И продавщица так посоветовала:
– Чего, миленький, да ты бери, кушай, рассчитаешься потом.
Матюшину почудилось, что колбаса стоит вовсе мало денег, а еще пронзил его голод от ее позабытой, лоснящейся жиром красоты. Уйти без нее он больше не мог. Думая, как сказать, отчего-то постыдился мельчить перед людьми и спросил, себя не помня, килограмм, но, покуда продавщица завешивала, он увидал уже белый хлеб, молоко, и вместе с колбасой они родили в душе его наконец такой покой, что он, уже не задумываясь, за них расплатился. Всего выходило, что растратил он своих три рубля. Но, думая об оставшихся деньгах, больше он даже не жалел, что потратился, – их хватало и покурить, и на внешний вид. Он вышел во сне голодном из магазина, нагрузившись едой, но постиг с отчаянием, что должен возвращаться теперь с колбасой в караулку, откуда его только и отпустили сбегать в магазин. Он огляделся и потихоньку пошагал через поселок, выискивая глазами, где можно на минутку укрыться, но прошел его насквозь и оказался в огородах, уже в степи. Тут он увидал то ли окопчик, то ли воронку в земле и спрятался там на земляном сухом дне, чувствуя уже и волнение, будто за ним гнались. После первых, самых прожорливых минут он глотал хлеб и давился – было еще голодно, хоть всего оставалось вполовину, но утробушка будто б обернулась твердым дном и упиралась еде. Хлеб он не доел, бросил в яме, но молоко все ж залил в глотку, вылез и, шатаясь пьяным, боясь сам себя, побрел обратно через вымерший поселок в караулку, держа с тошнотой общий куль шоколадных конфет. Он не мог видеть своего сизого, отравившегося лица, но в карауле, где его только успели хватиться, Помогалов живо взялся хлопотать, так что Матюшин поневоле наврал, что стало ему у магазина плохо. Но тогда вцепился и вздумал его Помогалов лечить марганцовкой, приговаривая, разбавляя целый графин воды:
– Самое верное средство, если отравился, да вообще блевать полезно, обновляется организм. Йоги, говорят, по сто лет живут, а почему? Съедят зернышко и, как кошечки, культурно выдавливают из организма. От нее, от марганцовки, сразу ж облегченье наступает. Ну ты, олух, чего глаза вылупил, пей, говорю!

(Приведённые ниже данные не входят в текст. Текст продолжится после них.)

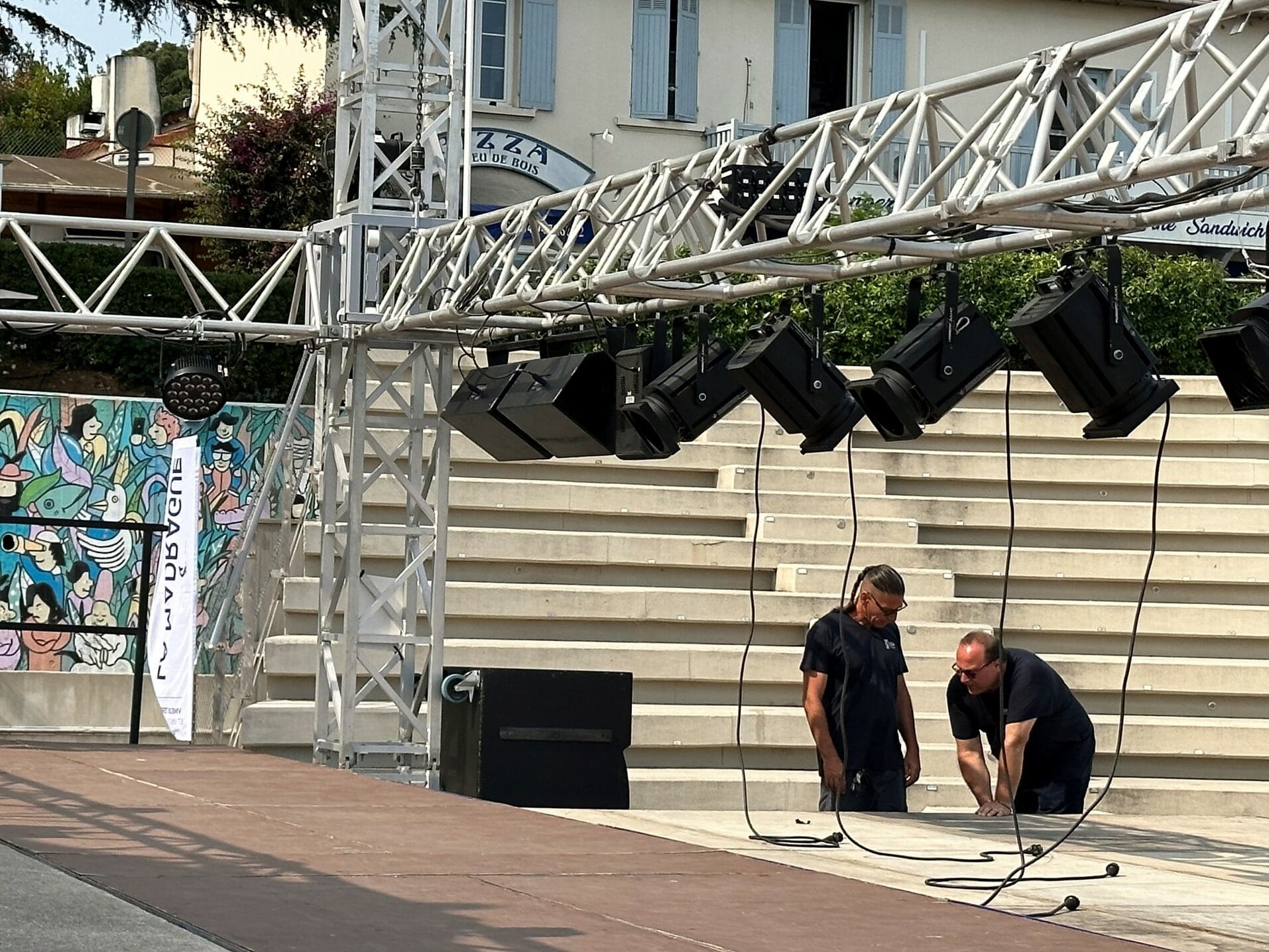 Dans le cadre du Festival des Anches d’Azur, toutes les équipes sont mobilisées pour assurer le bon déroulement de la manifestation. Des équipements de qualité sont mis à disposition : tables de mixage, poursuite, amplificateurs…
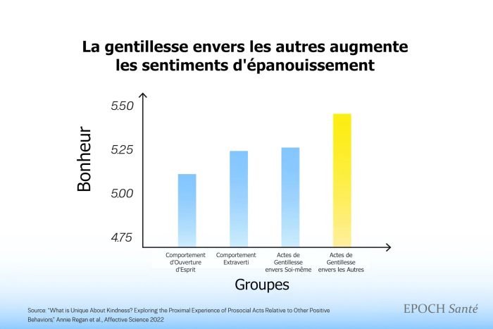 En termes de « eudaimonia » — ce sentiment profond de sens et d’accomplissement —, aider les autres surpassait toutes les autres activités. Si le soin de soi, les relations sociales ou la culture suscitaient des émotions positives, rien n’égalait la chaleur intérieure éprouvée par ceux qui faisaient preuve de bonté.
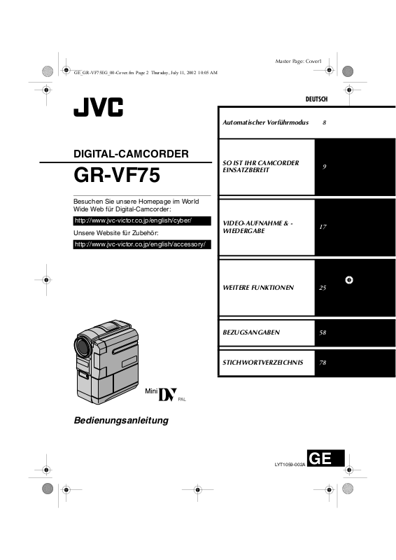 ● Batteriesatz JVC BN-V306U/V312U verwenden. Zur Aufladung dieser Batteriesätze und zum CamcorderNetzbetrieb das Netzgerät mit variabler Netzspannung und das Netzkabel (beide mitgeliefert)
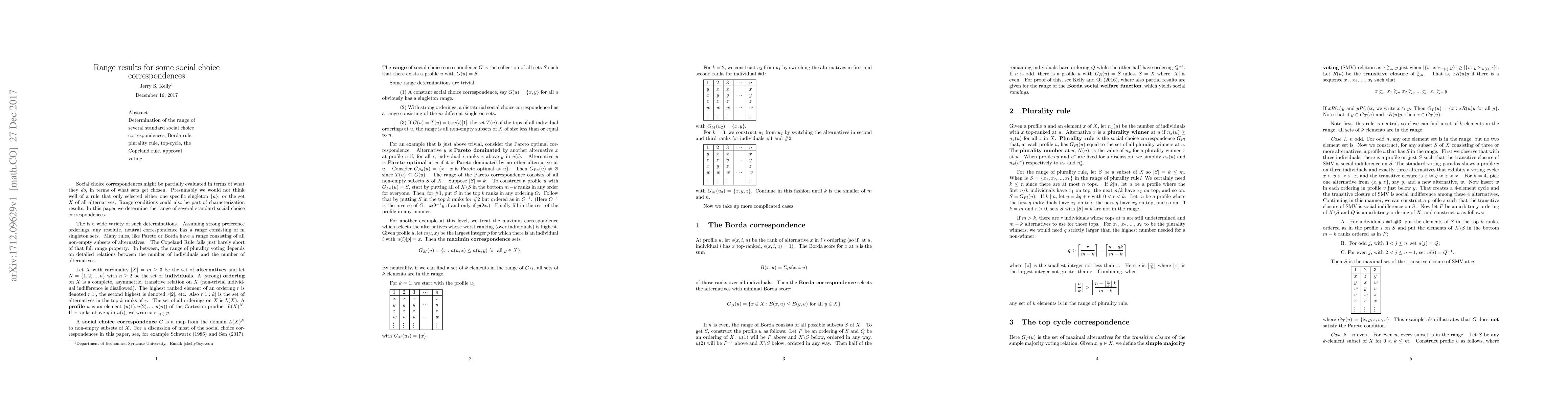 Determination of the range of a variety of social choice correspondences: Plurality voting, the Borda rule, the Pareto rule, the Copeland correspondence, approval voting, and the top cycle correspondence

Он залил в глотку стакан, но Помогалов обидчиво удивился и сказал пить еще больше, до полграфина. В помещении начальника ошивался китаец, ждал что-то отнести в роту, и старшина подрядил его на помощь, отвести валящегося с ног больного в нужник.
– Два пальца в рот – и начинай за жизнь бороться! – покрикивал он бодро. – Гляди, чтоб он мне башкой тудась не сыграл.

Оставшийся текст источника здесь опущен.